GOAL OF THE EXERCISE
Output every record exactly, apart from its images.

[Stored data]
══════════════════════════════

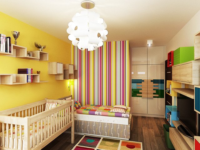 Аз лично бих сложила бели мебели или комбинация от бяло и цвета на паркета. Цветните акценти ще дойдат от завивки, възглавници и играчки  Peace
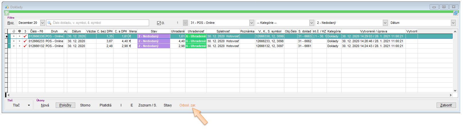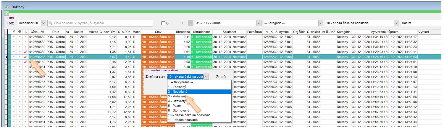 3. Zmente stav dokladov z 10 - eKasa čaká na odoslanie na 2 - Nedodaný.
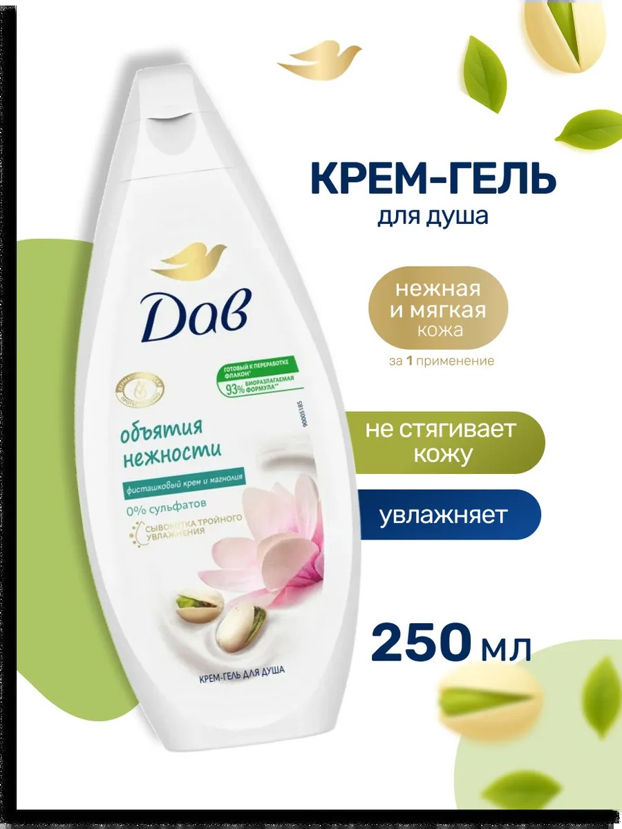 Крем-гель для душа Дав Фисташка и магнолия - это то, что нужно для бережного ухода за кожей! Для чистоты и свежести в течение дня дополните гель для душа женский увлажняющий применением антиперспиранта Дав. Для наилучшего результата воспользуйтесь молочком для тела Дав после ванной. Попробуйте также другие гели для душа из обновленной линейки Дав и выберите идеальный для себя!
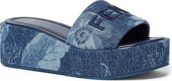 Logo detailing tops the wide strap of this slide sandal featuring a cushioned footbed and a rubber-treaded platform sole.
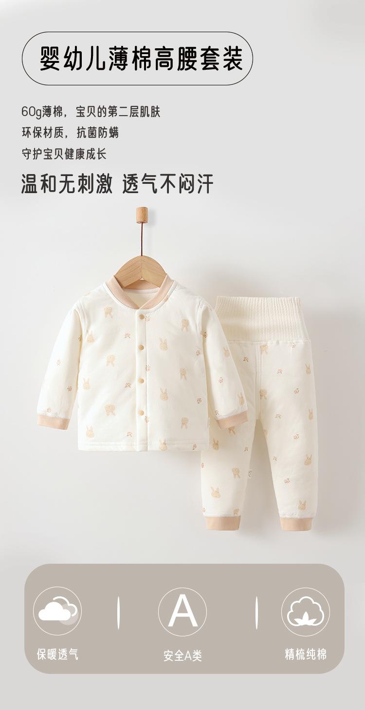 婴儿保暖衣服秋冬装夹棉高腰护肚新生儿男女宝宝纯棉无骨分体套装
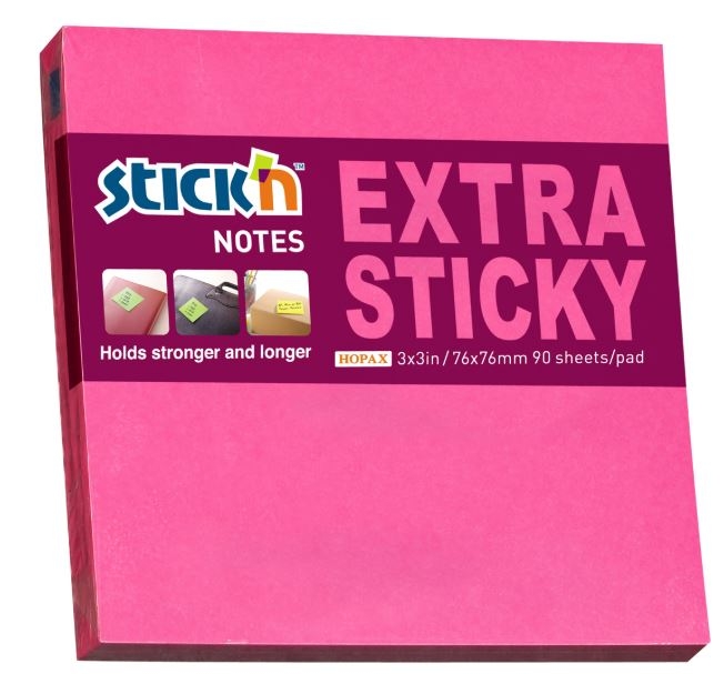 Stick'n Note Extra Sticky 76x76mm 90 Sheet Neon Magenta
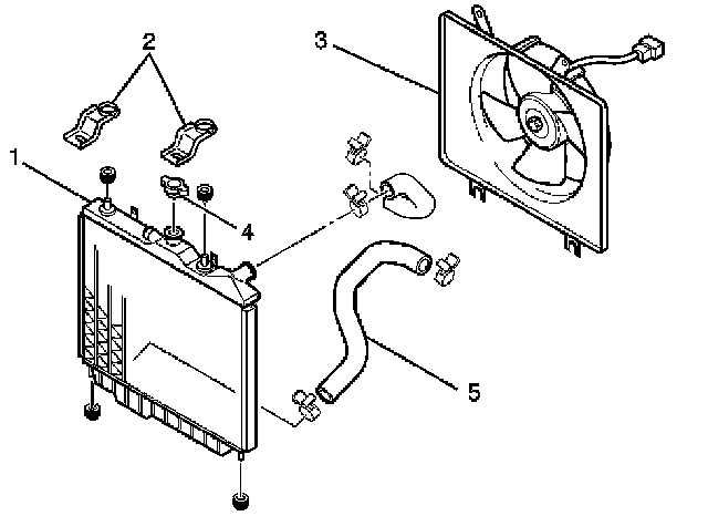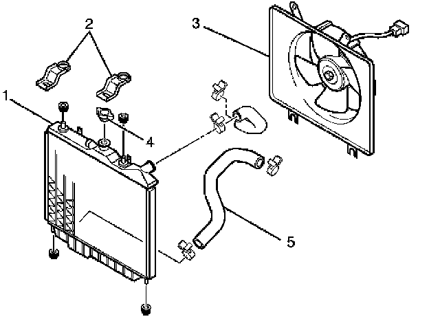 2. Install radiator assembly with hose, taking care not to damage the radiator core.
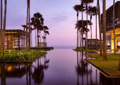 Perched on the dramatic limestone cliffs of Uluwatu, Alila Villas Uluwatu is a masterpiece of modern eco-luxury. Designed by award-winning architects WOHA, the resort seamlessly blends minimalist architecture with Balinese charm and sustainability. The property features 65 expansive private villas, each with its own infinity pool, open-air pavilion, and sweeping views of the Indian Ocean.

══════════════════════════════

OUTPUT OF THE EXERCISE
 Аз лично бих сложила бели мебели или комбинация от бяло и цвета на паркета. Цветните акценти ще дойдат от завивки, възглавници и играчки  Peace
 3. Zmente stav dokladov z 10 - eKasa čaká na odoslanie na 2 - Nedodaný.
 Крем-гель для душа Дав Фисташка и магнолия - это то, что нужно для бережного ухода за кожей! Для чистоты и свежести в течение дня дополните гель для душа женский увлажняющий применением антиперспиранта Дав. Для наилучшего результата воспользуйтесь молочком для тела Дав после ванной. Попробуйте также другие гели для душа из обновленной линейки Дав и выберите идеальный для себя!
 Logo detailing tops the wide strap of this slide sandal featuring a cushioned footbed and a rubber-treaded platform sole.
 婴儿保暖衣服秋冬装夹棉高腰护肚新生儿男女宝宝纯棉无骨分体套装
 Stick'n Note Extra Sticky 76x76mm 90 Sheet Neon Magenta
 2. Install radiator assembly with hose, taking care not to damage the radiator core.
 Perched on the dramatic limestone cliffs of Uluwatu, Alila Villas Uluwatu is a masterpiece of modern eco-luxury. Designed by award-winning architects WOHA, the resort seamlessly blends minimalist architecture with Balinese charm and sustainability. The property features 65 expansive private villas, each with its own infinity pool, open-air pavilion, and sweeping views of the Indian Ocean.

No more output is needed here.